You might want to read Dawkins' the Selfish Gene. I think it hits (indirectly) two mechanisms for evolution to support adoption.

(1) Why do other birds raise baby cuckoos, even though they are obviously of different species? Most likely because the evolutionary impulses that cause them to properly rear their own children are broad enough to cause them to bond to many baby birds. (i.e., feed and protect cute little featherless things). And there either isn't enough selective pressure to narrow the behavior, or the cost of narrowing the behavior is too high.

(2) If you take an atomized view of evolution as Dawkins does, then adoption may be sub-optimal, but is certainly worth doing. You're increasing the chances of reproduction of someone that probably has 99.5% of your genes.

Perhaps adoption is selfish, but it's the good kind of selfishness--the kind that spills benefits onto others. It's like the selfishness that makes you get the flu shot to avoid getting sick, and thus keeps you from passing the flu to your immunosuppressed coworker and killing him.
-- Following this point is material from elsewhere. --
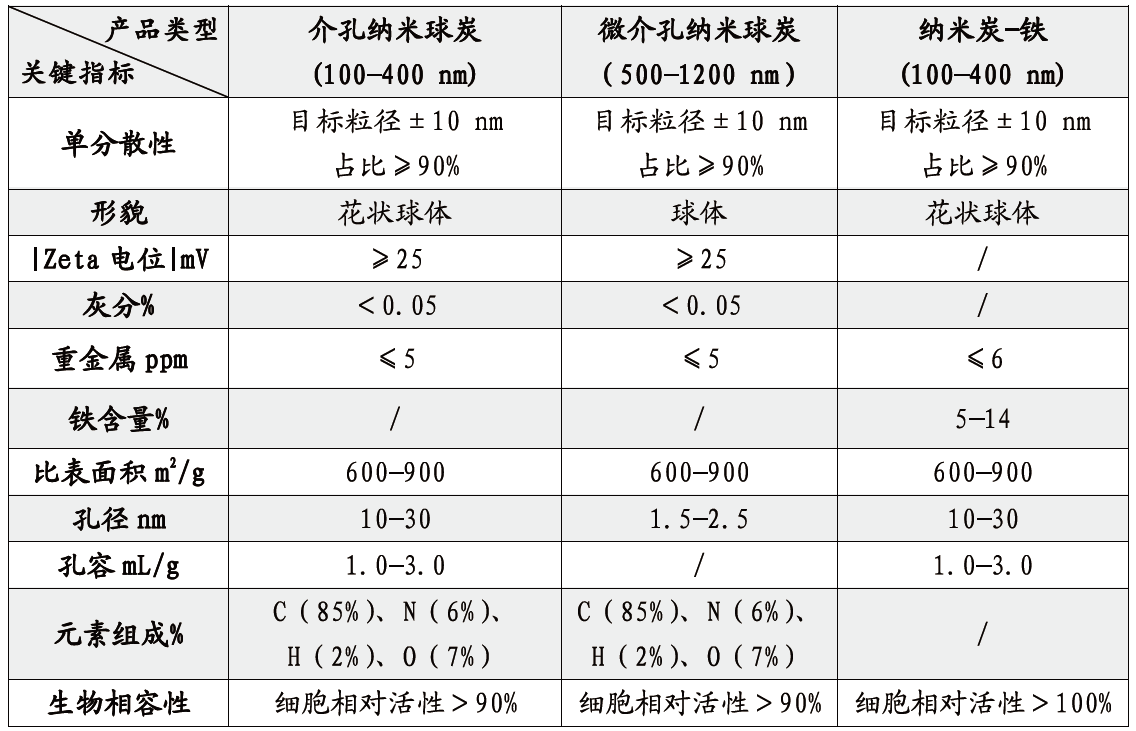 親水性納米球炭參數(shù)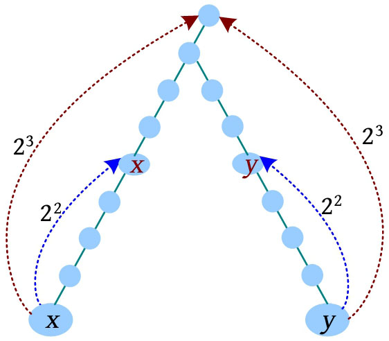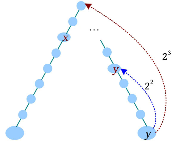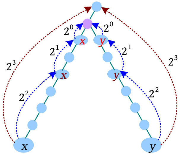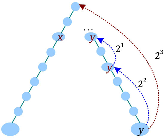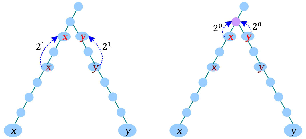 和前面暴力搜索中的同步前进法一样,先让深度大的节点 y 向上走到与 x 同一深度,然后 x、y 一起向上走。和暴力搜索不同的是,向上走是按照倍增思想走的,不是一步一步向上走的,因此速度较快。

This really isn't a bad comment thread on a rather challenging topic -- about which I am an undeniable expert.

My personal contributions (adoptive parent, special needs, etc):

1. Even if you don't go to the absurd but logical extreme of redefining all voluntary acts as hedonistic, adoption is a compromise between selfish and altruistic acts.

2. Adoption in modern America is very complex. It is best understood at the state level. It is difficult to generalize. Infant adoption is different from child from at risk from special needs from foster from international from relative and so on... Really, you can't generalize.

3. Adoption is traumatic for adoptees. We can maybe mitigate that, but, really, we don't know the "right" answer to a question with so many wrongs. Trauma varies, but to a first approximation many adoptees are post-traumatic.

4. All parenting can be incredibly hard. In general though I think adoptive parenting shifts the mean upwards.

5. Between hereditable traits predisposing to parental poverty or early demise, and the impact of poverty and behavior on intrauterine environment, adoptees have common challenges. On the other hand, the costs, challenges and complexities of American adoption mean American adoptive parents tend to have more than average resources.

Interesting topic. Worth remembering life is painful, but generally preferred to the alternative.

Interesting discussion.
I've adopted 3 older children, 2 as "special needs". My motives were never high-minded, certainly not in the sense of wanting to "help" a child. I feel a bit embarrassed when people, from my Social Worker onward, tell me I've done a good thing. I have always felt that I was incredibly lucky, that other parents were too foolish to want these kids and so I got to be their parent. I am priveleged. Perhaps I am even selfish.

Somebody like Bryan who has qualms should definitely not adopt, though. I think that "blending" a family can be tremendously difficult. You can't say, "well, just adopt a boy, or an older child." Especially with an older child, you are going to get a kid who is very, very different in many ways from your home-raised children, ways it is hard to even conceptualize. A child who actually needs to be treated differently, which you may not want to do.

If you care about intelligence and IQ, this may not be for you either. I've been told that one of the biggest risk-factors for adoption disruption (termination) is highly-educated parents, parents who cannot face the prospect of a truly average kid, even a kid who might not be destined for college, much less for Harvard. That's not to say that there aren't incredibly smart, nerdy little adoptees--there are. But I do remember being told that my oldest daughter had a IQ that was, er, half of mine. I knew I had to accept it and love her, but I still cried. (In retrospect, that test was totally wrong, but OK--it could have been right).

With the story of that boy whose mother sent him home to Russia in mind, I think we should all agree that many people just are not flexible and adaptable and outward-looking enough to adopt. It shouldn't be about motives at all. For the child, it really doesn't matter if you are "selfish", by somebody's definition, or "altruistic." It should be about being able to love and nurture whatever child you get.